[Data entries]
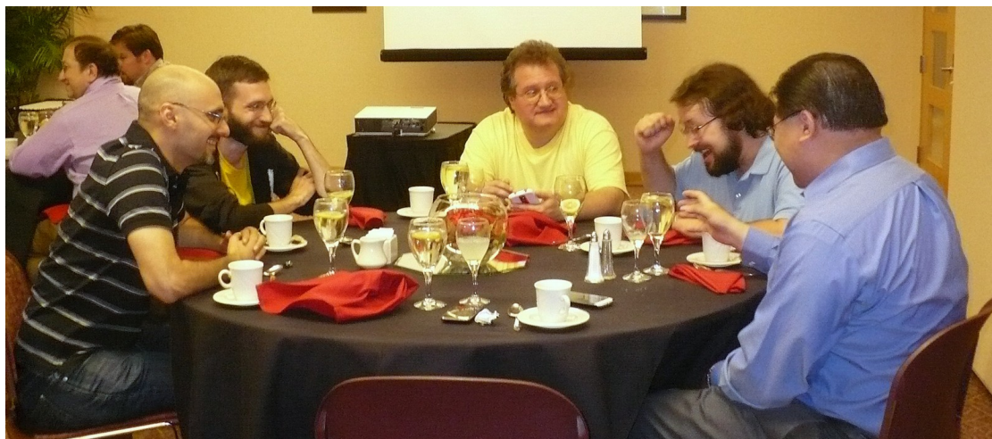
Evergreen Hack-a-way dinner, sponsored by Equinox Software. © 2013 Software Freedom Conservancy, available under a CC By-SA 4.0 license.

phpMyAdmin is a FLOSS web interface to several popular database systems including MySQL, MariaDB and Drizzle. In FY2013, Conservancy welcomed phpMyAdmin to its list of sponsored projects. phpMyAdmin also released a new version of their software which included a significant improvement to their web interface.
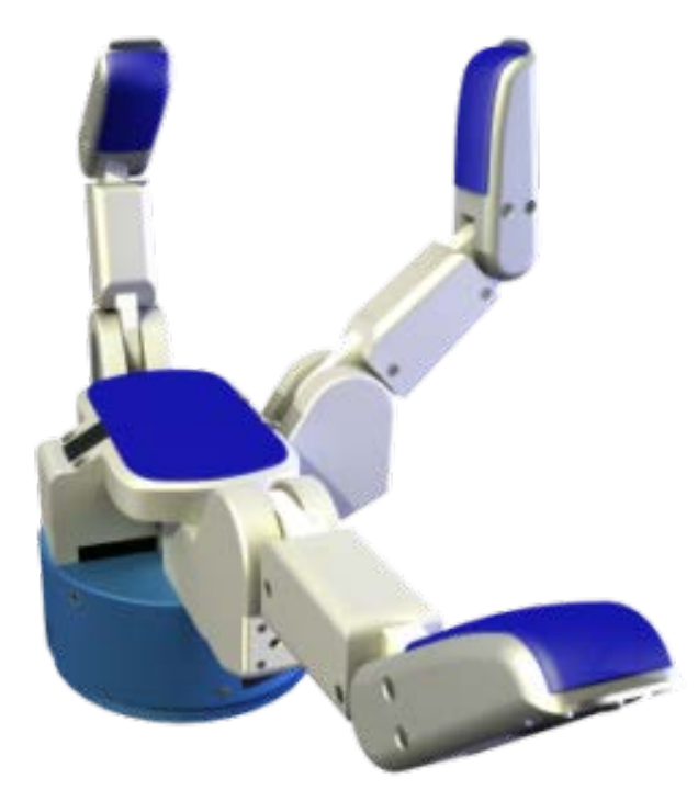
Figure 3: Barrett hand [61].

Figure 5 shows the SynTouch Biotactile Sensor. This sensor uses a thermistor, a set of impedance sensing electrodes and a hydrophone to implement temperature, force and vibration sensing respectively. BioTac sensors can execute a task much better as compared to human.
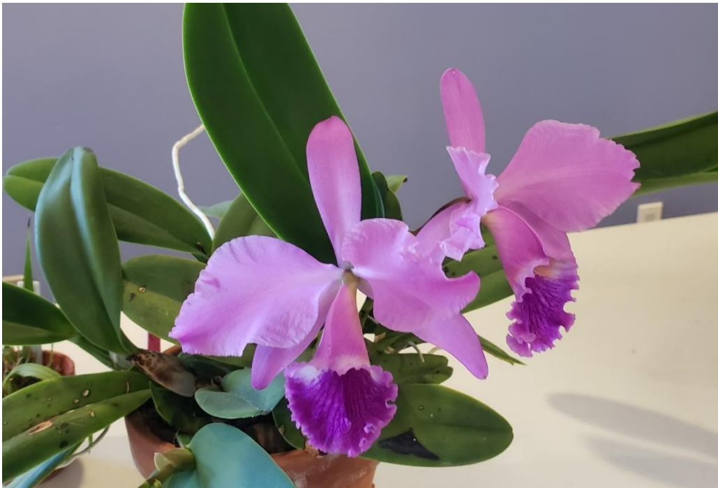
C. labiata (h.f. rubra) grown by Kaoru Stabnow
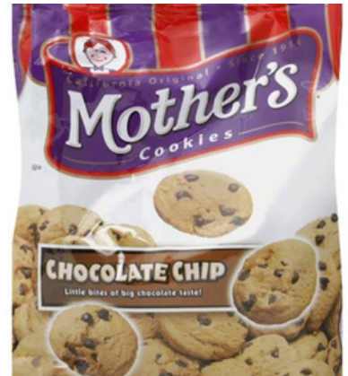
Mother's Chocolate Chip Cookies
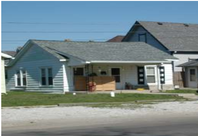
1632 E. Orange St.
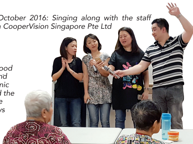
28 October 2016: Singing along with the staff from CooperVision Singapore Pte Ltd
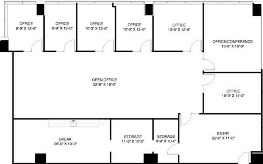
SUITE 350 - 3,589 RSF
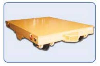
Non-Powered Transfer Car 15 Ton Capacity
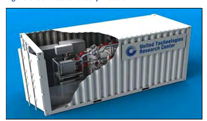
Figure 7: Flow battery storage container

Eskom is proposing two layout alternatives:
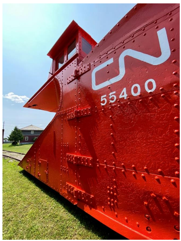
Canadian National Snowplow at Railway Museum of Eastern Ontario (7/27/24).
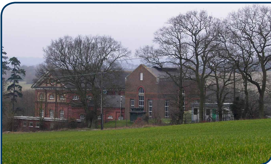
A view of Brede Valley Waterworks
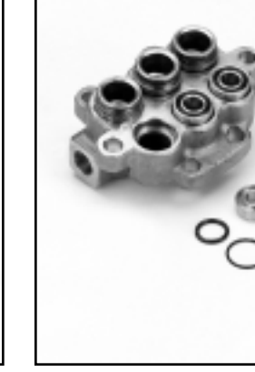
3CP1221, 3CP1231, 3CP1241 Inlet Valve Assembly
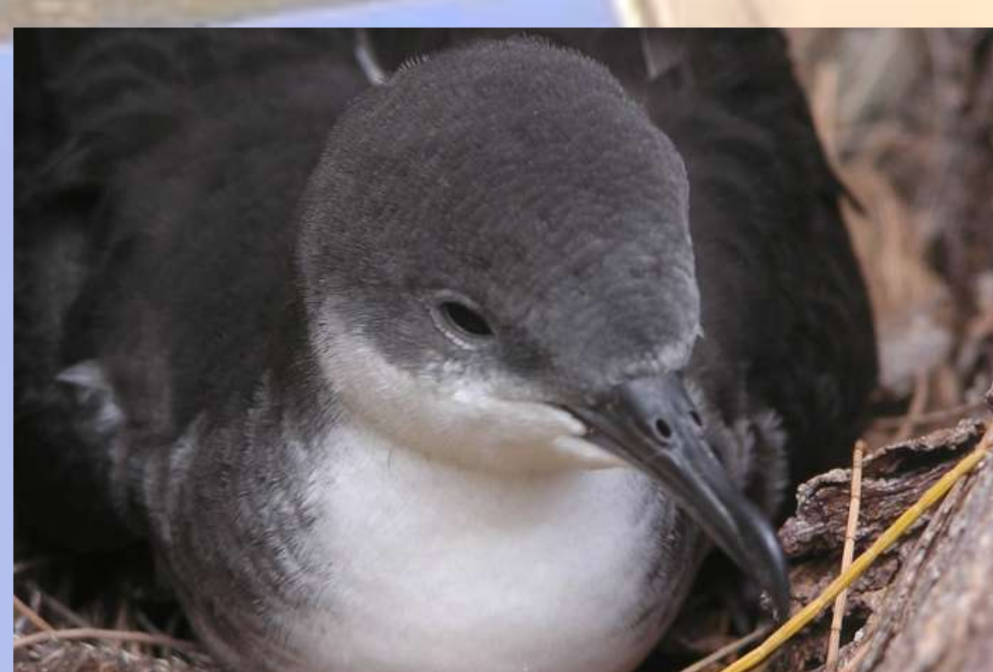
Audubon's Shearwater Puffinus lherminieri Distribution in Seychelles: breeds on predator-free islands – Aride, Bird, Cousin, Cousine, Recif, Mamelles and in the Amirantes and Aldabra to the South Population: About 60,000 pairs
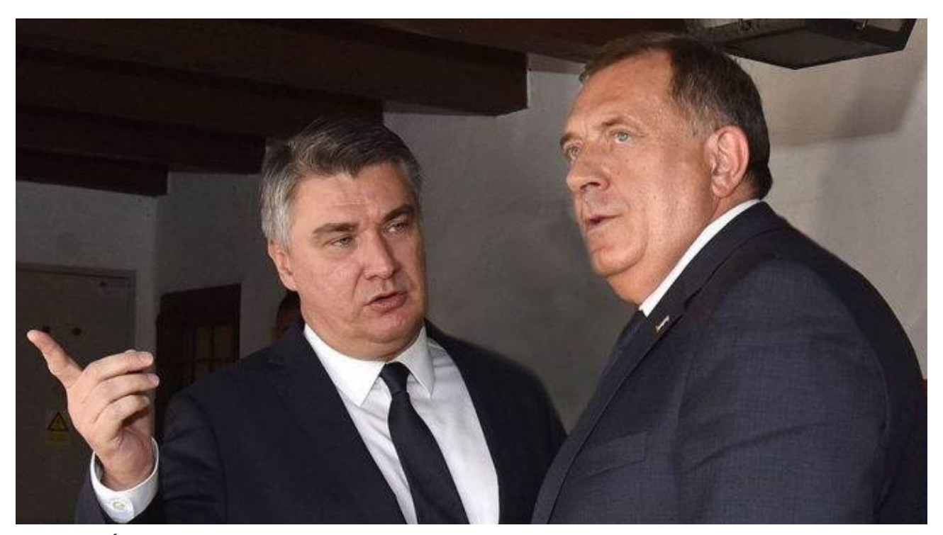
MILANOVIĆ I DODIK: FIRST SOAP AND ONLY THEN PERFUME.
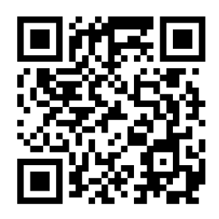
Scan QR code for full golf tournament details

Sponsorship opportunities available, details online: tylerspartans.com/golf
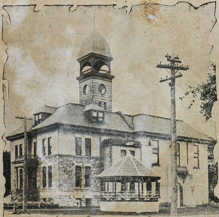
EARLY PICTURE OF WALKERTON TOWN HALL
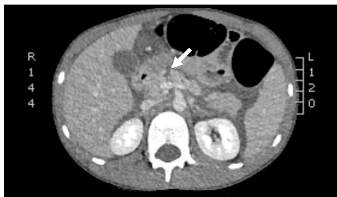
Fig. 2. Postcontrast computed tomography imaging with arrow pointing to the site of pancreatic transection.

Upon reviewing the USS report, an urgent computed tomography (CT) scan of the patient's abdomen and pelvis was requested for a more detailed evaluation. The CT scan revealed a pancreatic transection accompanied by a moderate volume of retroperitoneal and intra-abdominal free fluid (Fig. 2). Additional findings included thickening in the gastric pylorus region, likely due to the adjacent pancreatic injury, and a normal appendix (Fig. 3). Consequently, the child's abdominal discomfort was indeed caused by pancreatic injury resulting from the previously mentioned blunt abdominal trauma sustained during the quadbike
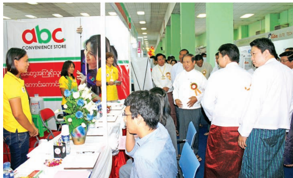
Union Minister U Aye Myint visits 5 th Myanmar Job Fair as creation of job opportunities for the people.—MNA

Yangon Mayor U Hla Myint also accepted K5 million worth water supply equipment provided by the company for development plans of YCDC in the city areas.—MNA
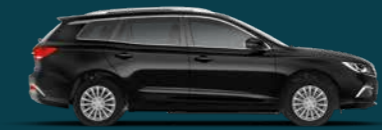
BLACK PEARL metallic paint
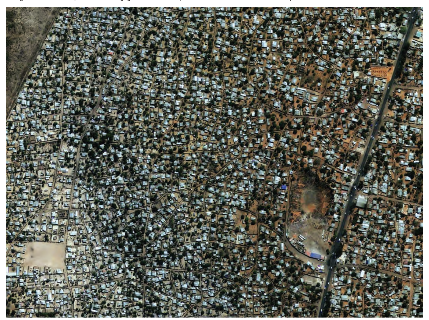
A typical informal settlement in peri-urban Maputo. Albeit the obvious spontaneous patterns and lack of proper infrastructure provision such areas constitutes homes for millions of people in many African cites, and hence the issue of formality vs. informality is not at stake for these residents; this is simply their urban environments notwithstanding all the shortcomings, and this is where they establish families and built homes.

These actors range from small landowners subdividing family land holdings through to real estate agencies. Poor, low-income and increasingly middle- and upper middle income socioeconomic groups all invest enormous proportions of their household economies in house construction and home making – the single largest national domestic source of saving – virtually without engaging formal financial institutions or the state in any way. The study consequently attempts to respond to the following research question: Who plans and built the African City?

**Required work**
Leaving out the pictures, print each line of the records above from the first up to and including the one that contains "Figure 3: Barrett hand [61].", exactly as written.

**Expected answer**
Evergreen Hack-a-way dinner, sponsored by Equinox Software. © 2013 Software Freedom Conservancy, available under a CC By-SA 4.0 license.

phpMyAdmin is a FLOSS web interface to several popular database systems including MySQL, MariaDB and Drizzle. In FY2013, Conservancy welcomed phpMyAdmin to its list of sponsored projects. phpMyAdmin also released a new version of their software which included a significant improvement to their web interface.
Figure 3: Barrett hand [61].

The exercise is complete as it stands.